START Data for this exercise

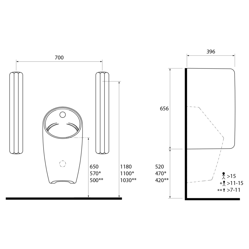 Keramická deliaca stena medzi urinálmi 39x66 cm, biela
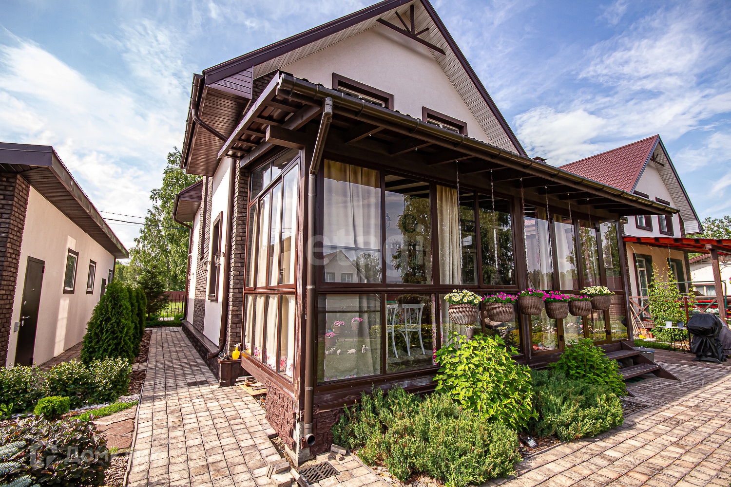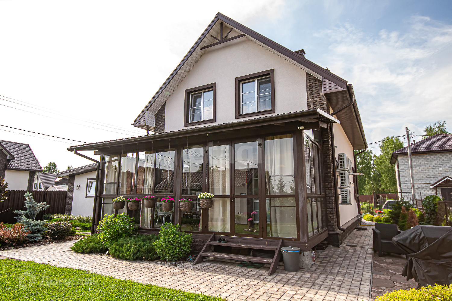 Установлены 4 кондиционера, в т.ч. и на террасе, заведен интернет и телевидение Ростелеком, установлена охранная сигнализация.
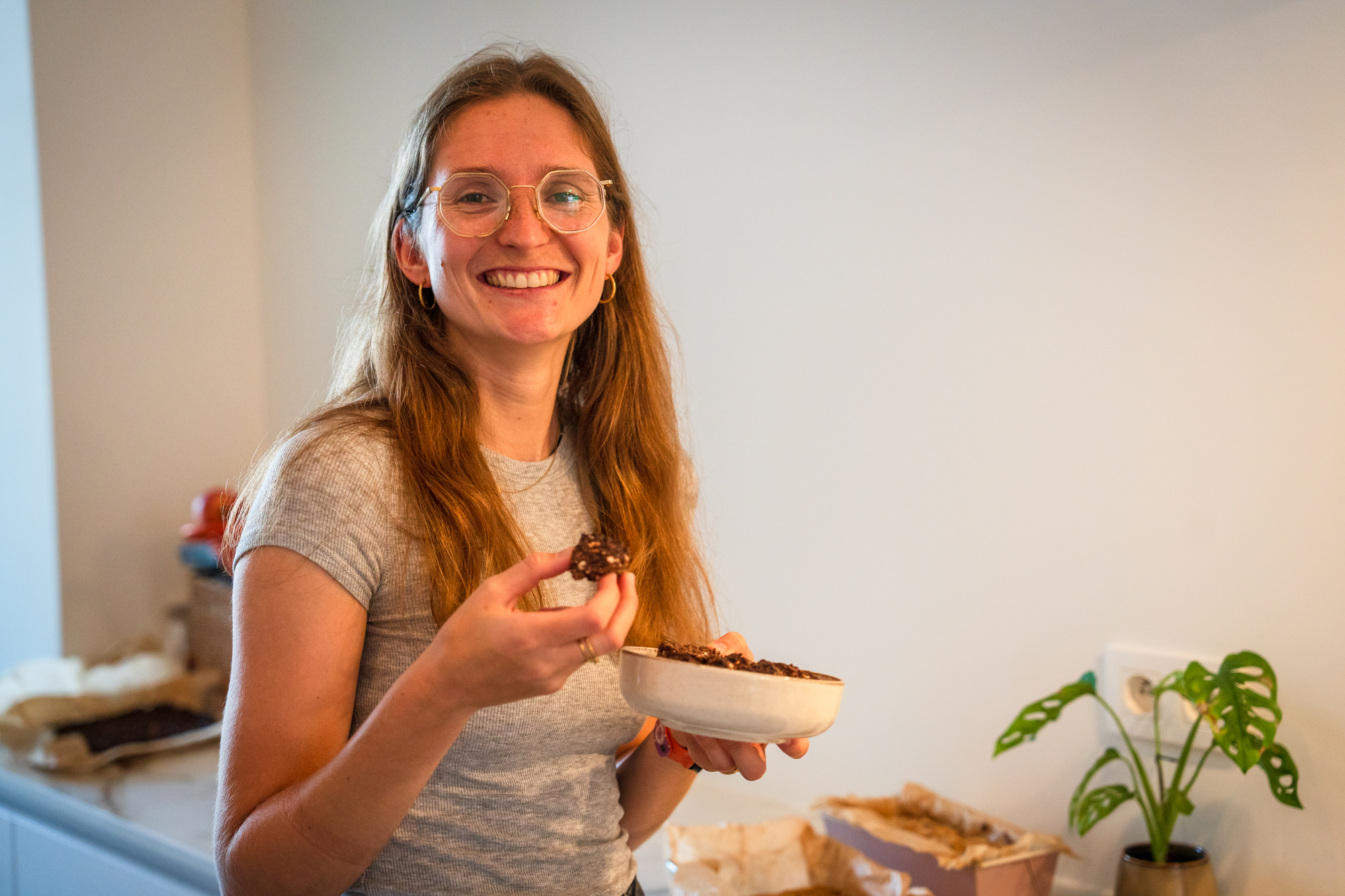 Dat is afhankelijk van de duur en intensiteit van je sportsessie. Voor wedstrijden is het aangeraden om twee uur voor de start voldoende koolhydraten te eten. Je vermijdt best te veel vezels. Voorbeelden zijn havermout met banaan, pannenkoeken, witte boterhammen met confituur... Net voor de start kan je nog een snelle suikerbron nemen, zoals een gelletje of banaan. Ga je een uurtje joggen? Dan kan een banaan, peperkoek of andere kleine energiebron voldoende zijn. Natuurlijk is dat voor iedereen anders, en zal je zelf snel ondervinden wat voor jou het beste werkt.
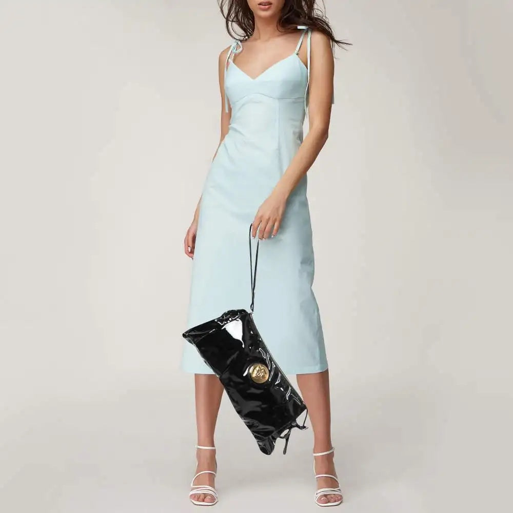 Features Glossy Crystal coated canvas with a bow details on the sides and a large Goldtone Gucci crest logo. A glamorous piece to add to any collection.
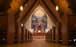 From 2008 to 2019, North American Martyrs offered most Masses at St. Alphonsus Church in Seattle's Ballard neighborhood, with a weekly mass at Holyrood Cemetery in Shoreline and Holy Week liturgies at the Bastyr University Chapel (formerly St. Edward Seminary) in Kenmore.

END Data for this exercise

- _Aim of the task_
Please return only the lines from the top of the data through the line with "Features Glossy Crystal", exactly as written, and drop every picture.

- _Response_
 Keramická deliaca stena medzi urinálmi 39x66 cm, biela
 Установлены 4 кондиционера, в т.ч. и на террасе, заведен интернет и телевидение Ростелеком, установлена охранная сигнализация.
 Dat is afhankelijk van de duur en intensiteit van je sportsessie. Voor wedstrijden is het aangeraden om twee uur voor de start voldoende koolhydraten te eten. Je vermijdt best te veel vezels. Voorbeelden zijn havermout met banaan, pannenkoeken, witte boterhammen met confituur... Net voor de start kan je nog een snelle suikerbron nemen, zoals een gelletje of banaan. Ga je een uurtje joggen? Dan kan een banaan, peperkoek of andere kleine energiebron voldoende zijn. Natuurlijk is dat voor iedereen anders, en zal je zelf snel ondervinden wat voor jou het beste werkt.
 Features Glossy Crystal coated canvas with a bow details on the sides and a large Goldtone Gucci crest logo. A glamorous piece to add to any collection.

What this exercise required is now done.